The United Nations High Commissioner for Refugees (UNHCR) is moving forward with its plans to use biometric technology to identify and track refugees, and has selected a vendor for the project. Accenture, an international technology services provider, has won out in the competitive tendering process and will oversee the implementation of the technology in a three-year contract.
The UNHCR will use Accenture’s Biometric Identity Management System (BIMS) for the endeavor. BIMS can be used to collect facial, iris, and fingerprint biometric data, and will also be used to provide many refugees with their only form of official documentation.

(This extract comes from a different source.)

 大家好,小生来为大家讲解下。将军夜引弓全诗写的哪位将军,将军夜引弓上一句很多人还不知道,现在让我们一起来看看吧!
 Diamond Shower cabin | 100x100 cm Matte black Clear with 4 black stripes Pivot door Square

The system will work in conjunction with Accenture’s Unique Identity Service Platform (UISP) to send this information back to a central database in Geneva, allowing UNHCR offices all over the world to effectively coordinate with the central UNHCR authority in tracking refugees.

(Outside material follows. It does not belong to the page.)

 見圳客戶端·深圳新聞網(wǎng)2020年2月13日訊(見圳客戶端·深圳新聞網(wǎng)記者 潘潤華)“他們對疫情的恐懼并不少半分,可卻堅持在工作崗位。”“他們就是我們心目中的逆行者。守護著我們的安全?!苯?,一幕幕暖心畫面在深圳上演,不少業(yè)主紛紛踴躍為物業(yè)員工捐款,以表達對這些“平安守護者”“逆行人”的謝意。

Starting with a pilot project in the Dzaleka Refugee Camp in Malawi, the program has blossomed over the last couple of years to provide services in refugee camps in Thailand and Chad, with over 220,000 people identified in the two countries so far. It’s an ambitious project, but Accenture has experience with large-scale biometric system initiatives, having helped the Department of Homeland Security’s Office of Biometric Identity Management with a major border control project, for example. This latest endeavor will see the company’s technology used in important humanitarian efforts – and in fact it seems to have already helped hundreds of thousands.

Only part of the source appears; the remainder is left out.